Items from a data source

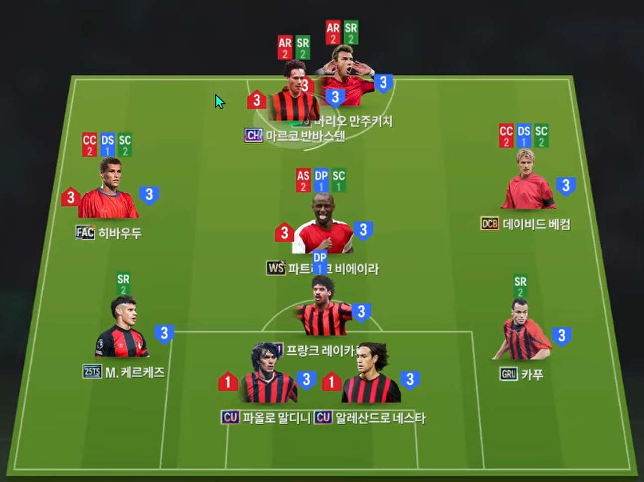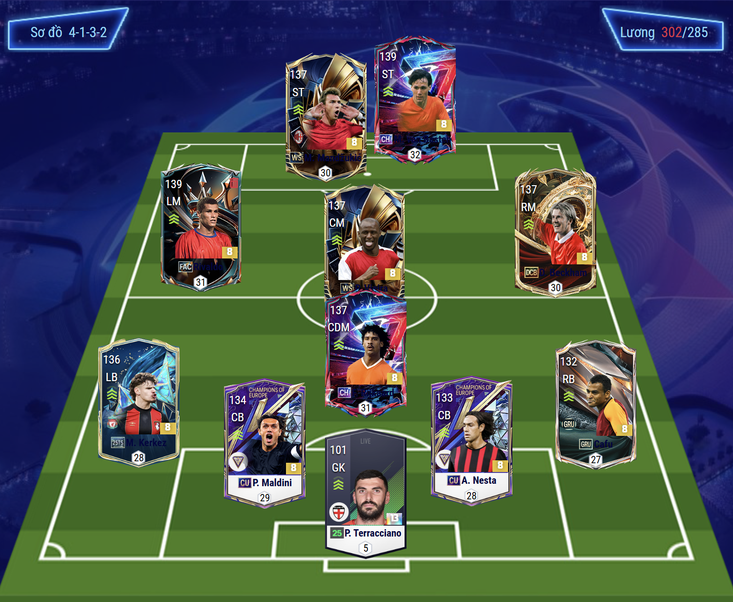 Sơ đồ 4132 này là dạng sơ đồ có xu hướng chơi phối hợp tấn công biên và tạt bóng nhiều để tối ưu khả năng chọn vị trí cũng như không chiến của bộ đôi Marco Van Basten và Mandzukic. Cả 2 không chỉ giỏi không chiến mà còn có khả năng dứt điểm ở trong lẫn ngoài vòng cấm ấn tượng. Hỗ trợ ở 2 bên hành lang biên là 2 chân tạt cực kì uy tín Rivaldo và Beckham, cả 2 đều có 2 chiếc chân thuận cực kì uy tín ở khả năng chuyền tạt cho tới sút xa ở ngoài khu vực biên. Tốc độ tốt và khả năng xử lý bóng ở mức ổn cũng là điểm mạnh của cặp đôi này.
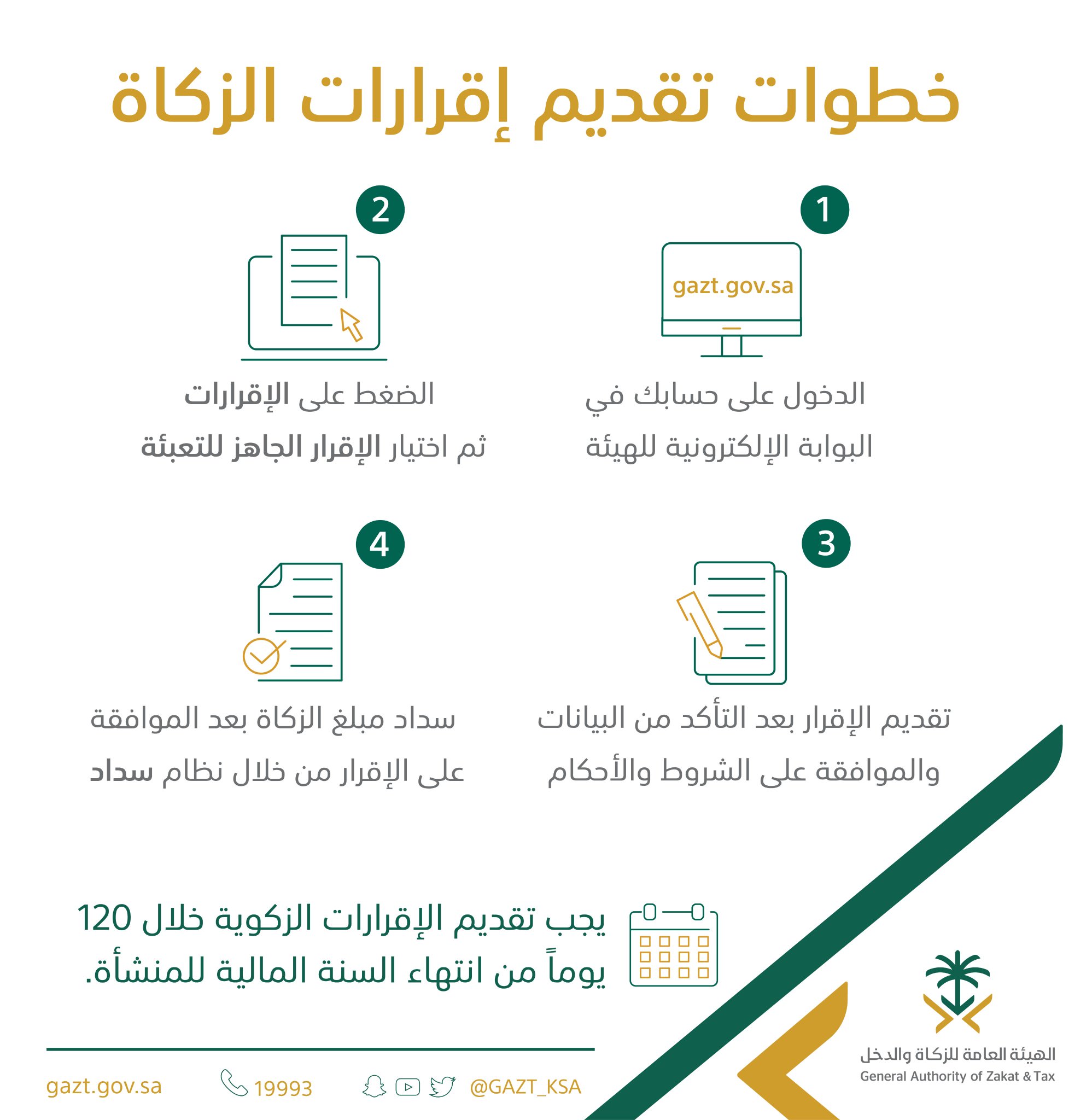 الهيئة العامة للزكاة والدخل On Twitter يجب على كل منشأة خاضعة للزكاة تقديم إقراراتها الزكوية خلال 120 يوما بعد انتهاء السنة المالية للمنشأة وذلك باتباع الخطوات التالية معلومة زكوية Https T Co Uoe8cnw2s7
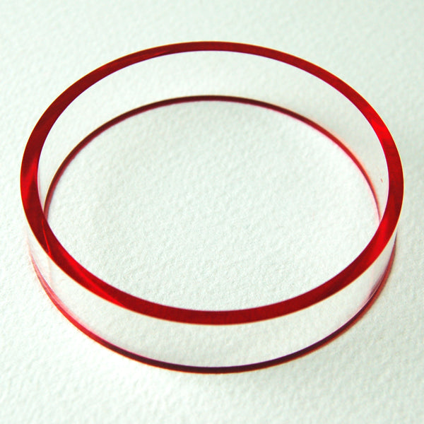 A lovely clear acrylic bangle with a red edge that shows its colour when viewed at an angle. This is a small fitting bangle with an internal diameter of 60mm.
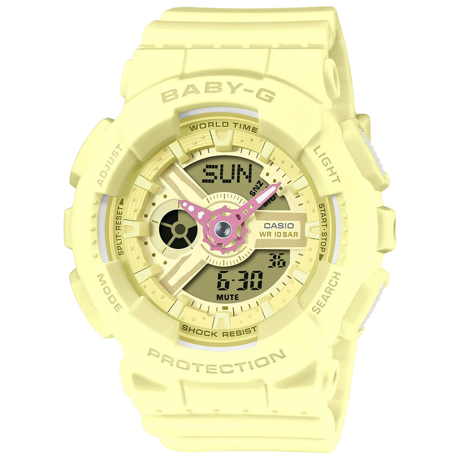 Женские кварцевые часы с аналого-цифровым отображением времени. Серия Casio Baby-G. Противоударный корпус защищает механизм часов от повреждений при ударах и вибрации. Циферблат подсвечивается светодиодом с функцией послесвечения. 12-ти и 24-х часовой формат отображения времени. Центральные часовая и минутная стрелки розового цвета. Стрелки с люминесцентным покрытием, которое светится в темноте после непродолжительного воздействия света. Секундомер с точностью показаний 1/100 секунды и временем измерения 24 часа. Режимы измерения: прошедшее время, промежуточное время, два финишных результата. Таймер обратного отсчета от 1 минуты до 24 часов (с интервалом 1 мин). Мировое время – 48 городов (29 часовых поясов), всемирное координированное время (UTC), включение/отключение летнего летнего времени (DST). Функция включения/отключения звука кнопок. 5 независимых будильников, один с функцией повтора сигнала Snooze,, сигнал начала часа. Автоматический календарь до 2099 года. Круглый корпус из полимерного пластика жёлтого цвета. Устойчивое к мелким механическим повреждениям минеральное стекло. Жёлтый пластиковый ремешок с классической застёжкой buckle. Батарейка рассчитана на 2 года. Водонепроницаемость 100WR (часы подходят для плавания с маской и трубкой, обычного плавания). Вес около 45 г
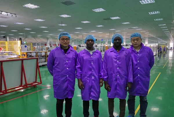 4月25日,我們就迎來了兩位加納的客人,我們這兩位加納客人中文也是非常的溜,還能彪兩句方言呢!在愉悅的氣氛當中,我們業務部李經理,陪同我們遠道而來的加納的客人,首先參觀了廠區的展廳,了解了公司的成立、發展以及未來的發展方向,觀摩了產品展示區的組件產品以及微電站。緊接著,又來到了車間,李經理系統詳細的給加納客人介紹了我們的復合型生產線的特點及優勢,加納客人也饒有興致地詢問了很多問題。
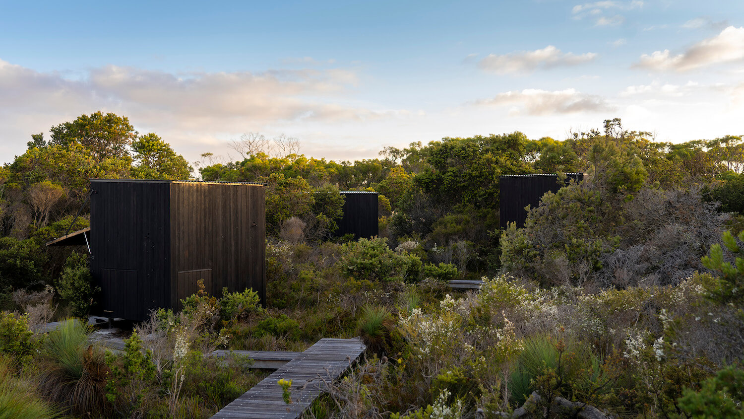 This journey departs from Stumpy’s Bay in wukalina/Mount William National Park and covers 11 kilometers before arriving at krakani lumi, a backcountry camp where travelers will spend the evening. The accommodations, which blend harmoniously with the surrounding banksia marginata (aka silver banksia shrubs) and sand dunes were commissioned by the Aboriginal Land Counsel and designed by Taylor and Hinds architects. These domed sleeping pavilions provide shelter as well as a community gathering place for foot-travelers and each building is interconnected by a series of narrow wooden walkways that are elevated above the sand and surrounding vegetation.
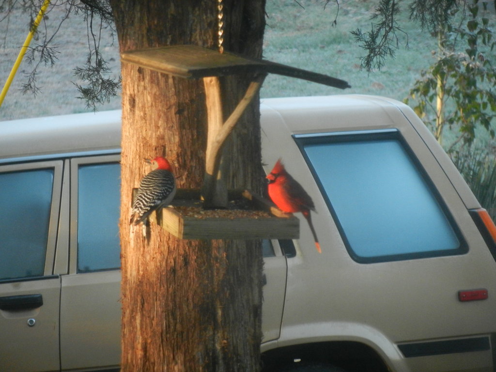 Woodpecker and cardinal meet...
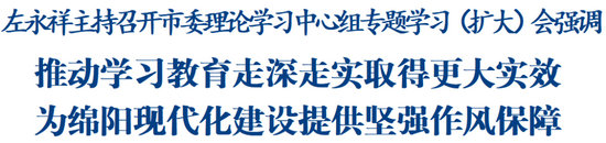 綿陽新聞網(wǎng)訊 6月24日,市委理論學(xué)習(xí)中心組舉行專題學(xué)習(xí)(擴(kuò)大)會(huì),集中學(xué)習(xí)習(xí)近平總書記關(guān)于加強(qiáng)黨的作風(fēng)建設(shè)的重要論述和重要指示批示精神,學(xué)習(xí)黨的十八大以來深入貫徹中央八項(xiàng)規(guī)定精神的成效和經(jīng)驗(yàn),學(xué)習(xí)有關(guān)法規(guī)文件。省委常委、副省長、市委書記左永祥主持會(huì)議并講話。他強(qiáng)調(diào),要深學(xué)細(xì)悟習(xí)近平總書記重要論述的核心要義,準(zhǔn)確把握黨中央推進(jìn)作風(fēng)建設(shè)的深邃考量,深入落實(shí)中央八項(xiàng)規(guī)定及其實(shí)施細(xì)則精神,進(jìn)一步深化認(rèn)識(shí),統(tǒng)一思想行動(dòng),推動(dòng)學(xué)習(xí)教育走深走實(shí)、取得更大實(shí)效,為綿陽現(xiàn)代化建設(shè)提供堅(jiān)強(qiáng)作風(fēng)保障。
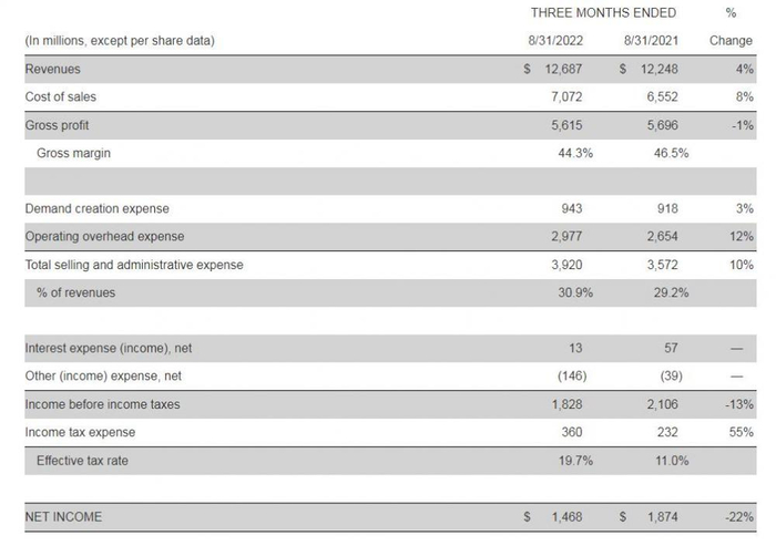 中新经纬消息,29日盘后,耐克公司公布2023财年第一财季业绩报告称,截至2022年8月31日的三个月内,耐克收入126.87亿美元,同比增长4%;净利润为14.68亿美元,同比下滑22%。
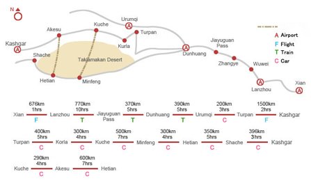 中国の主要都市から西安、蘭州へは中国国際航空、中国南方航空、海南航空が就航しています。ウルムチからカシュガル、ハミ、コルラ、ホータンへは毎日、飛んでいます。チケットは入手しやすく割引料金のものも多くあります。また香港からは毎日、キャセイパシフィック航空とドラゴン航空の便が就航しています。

Directions: In the records above, find the line that contains "Woodpecker and cardinal meet..." and repeat exactly that line and all lines after it to the end. Do not include pictures.

Problem solution:
 Woodpecker and cardinal meet...
 綿陽新聞網(wǎng)訊 6月24日,市委理論學(xué)習(xí)中心組舉行專題學(xué)習(xí)(擴(kuò)大)會(huì),集中學(xué)習(xí)習(xí)近平總書記關(guān)于加強(qiáng)黨的作風(fēng)建設(shè)的重要論述和重要指示批示精神,學(xué)習(xí)黨的十八大以來深入貫徹中央八項(xiàng)規(guī)定精神的成效和經(jīng)驗(yàn),學(xué)習(xí)有關(guān)法規(guī)文件。省委常委、副省長、市委書記左永祥主持會(huì)議并講話。他強(qiáng)調(diào),要深學(xué)細(xì)悟習(xí)近平總書記重要論述的核心要義,準(zhǔn)確把握黨中央推進(jìn)作風(fēng)建設(shè)的深邃考量,深入落實(shí)中央八項(xiàng)規(guī)定及其實(shí)施細(xì)則精神,進(jìn)一步深化認(rèn)識(shí),統(tǒng)一思想行動(dòng),推動(dòng)學(xué)習(xí)教育走深走實(shí)、取得更大實(shí)效,為綿陽現(xiàn)代化建設(shè)提供堅(jiān)強(qiáng)作風(fēng)保障。
 中新经纬消息,29日盘后,耐克公司公布2023财年第一财季业绩报告称,截至2022年8月31日的三个月内,耐克收入126.87亿美元,同比增长4%;净利润为14.68亿美元,同比下滑22%。
 中国の主要都市から西安、蘭州へは中国国際航空、中国南方航空、海南航空が就航しています。ウルムチからカシュガル、ハミ、コルラ、ホータンへは毎日、飛んでいます。チケットは入手しやすく割引料金のものも多くあります。また香港からは毎日、キャセイパシフィック航空とドラゴン航空の便が就航しています。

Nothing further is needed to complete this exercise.